Wednesday, January 10, 2007

Over 20 Billion Served


I got my 2006 statistics today. Coincidentally, my facility also had its annual surprise state audit today so the numbers came in handy. I have seen 10% more patients this year than last year at just one of my many work sites. I see as many patients in a given year as some small regional hospitals admit. Just out of curiosity I sat down and ran some numbers using very very conservative estimates, and I figured that over the time since I've finished my training I have treated at least 35,100 inmates.

I wasn't planning to blog about this, except that over at JR's Thumbprints recently he was posting about his recent audit and his prison system's factory approach to education. He was exactly right---how do you know what numbers are 'right'? If I see 3000 patients a year am I a better correctional clinician than someone who 'only' sees 1000 patients a year? What if there are actually 6000 inmates who need to be seen? Or only 500? Are we missing our target or overshooting?

The emphasis shouldn't be solely on the size of your clinic (although to be fair many correctional systems probably can't even give you an estimate about that) but it should also include measures of how long it takes someone to get seen once they're identified as needing treatment, how well they are tracked through the correctional system and how well the system is able to identify returning patients. There's just more to good quality control statistics than caseload size.

To quote that old Wendy's commercial: "Where's the beef?" My beef is here---with the numbers.

10 comments:

Anonymous said...

my life is meaningless.

Anonymous said...

What about the "how well patients feel or if they get better" part?

DrivingMissMolly said...

Clink,

Is that you on the far right? ; )

Lily

Anonymous said...

Anonymous,

You know that they can't give medical advice here, no matter what. Do you have an EAP (employee assistance program)? It sounds like you need to talk to someone. I thought I would respond to you because I am a psych patient so I am familiar with emotional pain and it sounds as if you are suffering.
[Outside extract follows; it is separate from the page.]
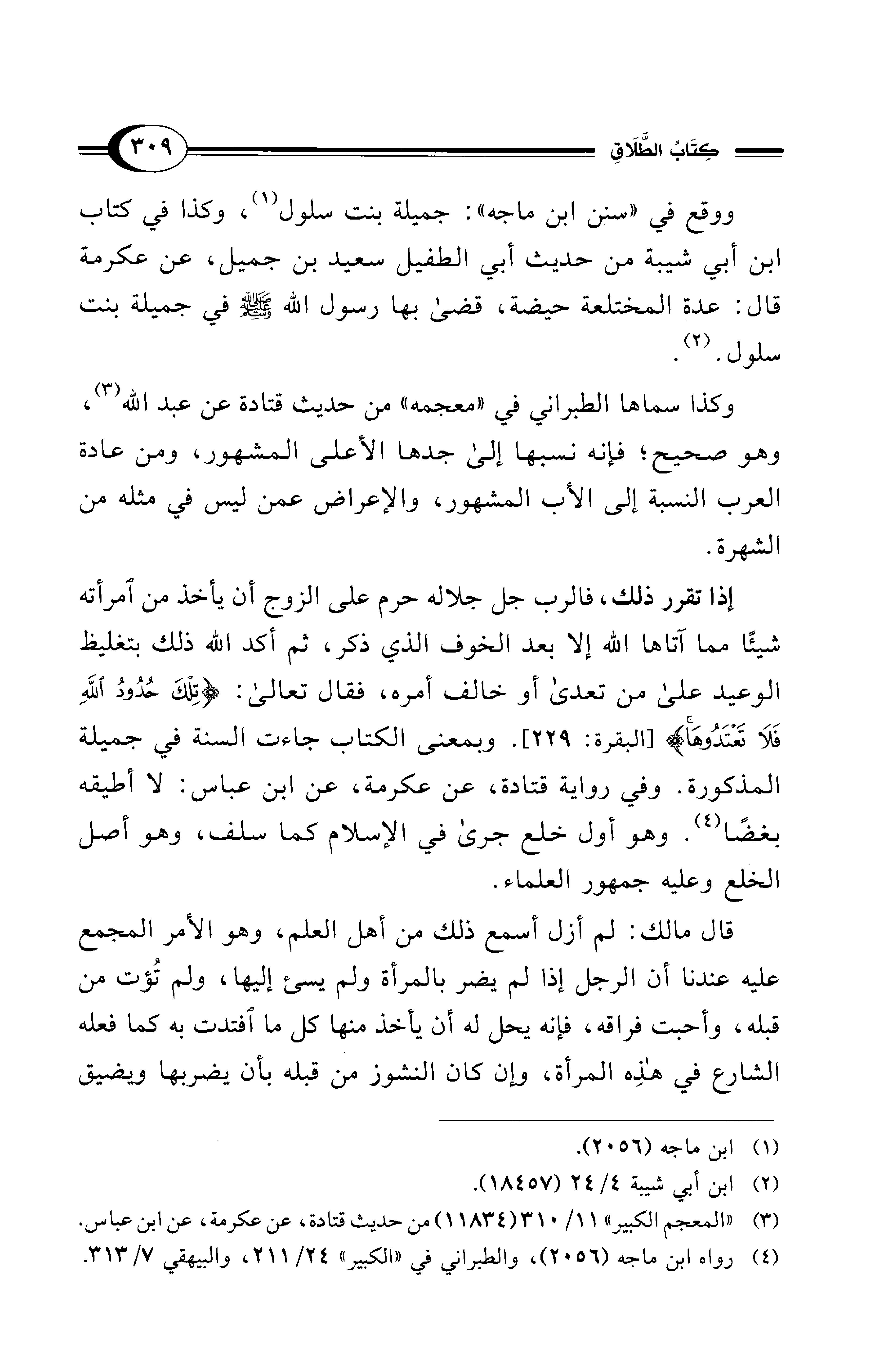 إذا تقرر ذلك، فالرب جل جلاله حرم على الزوج أن يأخذ من امرأته شيئًا مما آتاها الله إلا بعد الخوف الذي ذكر، ثم أكد الله ذلك بتغليظ الوعيد على من تعدى أو خالف أمره، فقال تعالى: {تِلْكَ حُدُودُ اللهِ فَلَا تَعْتَدُوهَا} [البقرة: 229]. وبمعنى الكتاب جاءت السنة في جميلة المذكورة. وفي رواية قتادة، عن عكرمة، عن ابن عباس: لا أطيقه بغضًا (¬4). وهو أول خلع جرى في الإسلام كما سلف، وهو أصل الخلع وعليه جمهور العلماء.

This blog belongs to three very caring psychiatrists, but it would be unprofessional and unethical for them to advise you without seeing you.

Please get some help.

Dinah said...

Oh my gosh, anonymous, thank you for the sympathy, but if you're responding to my comment that "My life is meaningless" it was me, dinah, responding to the the fact that Clink sees a zillion patients, and I see a few hours a day of psychotherapy patients. At the clinic, I see maybe 4-7 patients in a morning, in my office, 1 an hour. She may see more patients in a year then I see in my career, I'm just not sure how (or why). My life isn't really meaningless, I have Max the dog, the blog, the kids, my writing, my practice, Clink, Roy, my husband whose fidelity will be the subject of the next post. All I'm missing is a few thousand criminals. Thank you for the kind words. And yes, that is ClinkShrink on the right!

Sarebear said...

Very funny, dinah! (a good reminder to sign your name, so's we all get the joke, lol!)

so one nailed down, two to go. is it Roy on the far left, and Dinah in the middle?

Rach said...

Clink, i'm curious as to why they give you these statistics anyways. Are they meant to be benchmarks for the future, or is it just "thought you might be interested so here's some more data that you'll never need"?
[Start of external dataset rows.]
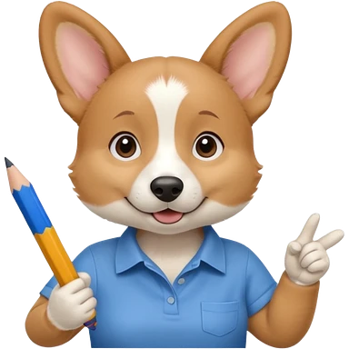 perrita caricatura gorgi gales trabajadora con camiseta celeste apuntando con un lapiz hacia el costado izquierdo emoji
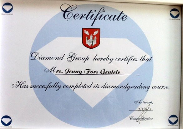 2007 så gick jag en kurs nere i antwerpen där jag lärde mig om hur diamanter graderas när det gäller färg, renhet, slipning och vikt (diamanternas fyra c:n) vilket är de fyra grundpelarna som bestämmer stenens kvalité och pris.
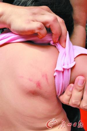 王先生的女儿妞妞今年3岁,在东城一家幼儿园读书,本月14日晚上,他突然发现孩子的背部出现明显的瘀红,而且孩子也不愿意去幼儿园,家长怀疑孩子的伤是被老师掐的。
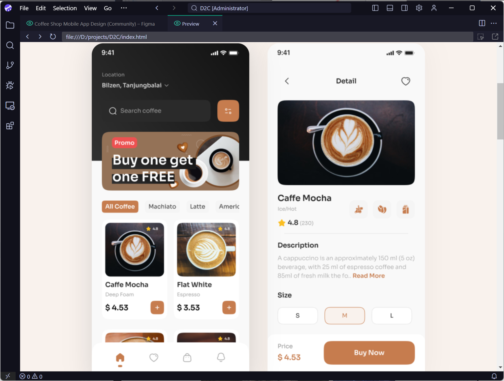 After converting the Figma design into code, the Preview effect is shown below, and you can see that the accuracy is very high.
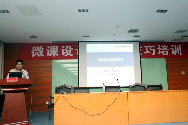 5月28日下午,学院特邀东南大学副教授马涛在图书馆为我院教师进行微课设计与比赛技巧培训。学院教务处副处长王丹主持会议,各系(部)主任、副主任、青年教师100余人参加此次培训。

WHat's the point of seeing patients if they lose every semblance of individuality? Maybe i'm reading too much into this - i'm waiting for a new post on the blog.

ClinkShrink said...

Dinah: Why does Max get first billing on your list of important life things? He must be thrilled. I knew it was your comment immediately---when you write anonymously you never capitalize. It's like reading Don Marquis.
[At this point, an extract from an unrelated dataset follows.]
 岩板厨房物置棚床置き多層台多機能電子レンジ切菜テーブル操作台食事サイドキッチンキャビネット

Anonymous #2: Yes, treatment outcome measures would be good to have but right now most systems are struggling just to make sure their patients get identified and treated in the first place. Once that's being done reliably we should look at outcomes, and also cost-benefit studies too since no taxpayer is going to vote for more money to care for inmates unless there's someone financial incentive to do it.

Lily: I haven't been on the far right since the 2000 presidential election :)

Rach: Yes, they're benchmarks so that they can plan for future needs & spot trends. It's a beginning but no where near where it needs to be.

And to all of you who were concerned about Dinah-anonymous, that was very sweet of you. I can verify that she has a wonderful life with a peaceful and predictable practice but I'll be darned if I know how she juggles the off-duty chaos. I have chaos at work but when I come home it's peace, quiet and pleasant predictability.

DrivingMissMolly said...

Clink,

You crack me up!

Either way you look at the numbers, you have made a tremendous impact on many, many lives, not just those of the inmates, but of their significant others and children as well (assuming they get out someday).

Kudos to you for all that you do!

I miss your little drawings. They are cute, although when I look at the nun one with the crazy eyes, rapacious smile and gigantic stomping feet, I get a little nervous. Is it because I'm Catholic?

I also wondered about the order of Dinah's list! Great minds think alike--oh oh for you on that one--but I feel denied. Where is Dinah's post about her husband's fidelity? I hope it's a scorcher, but I hope Max isn't involved ; )

Lily

DrivingMissMolly said...

You know what's the best? When I read your posts and comments, I "hear" them in your voices thanks to the podcasts!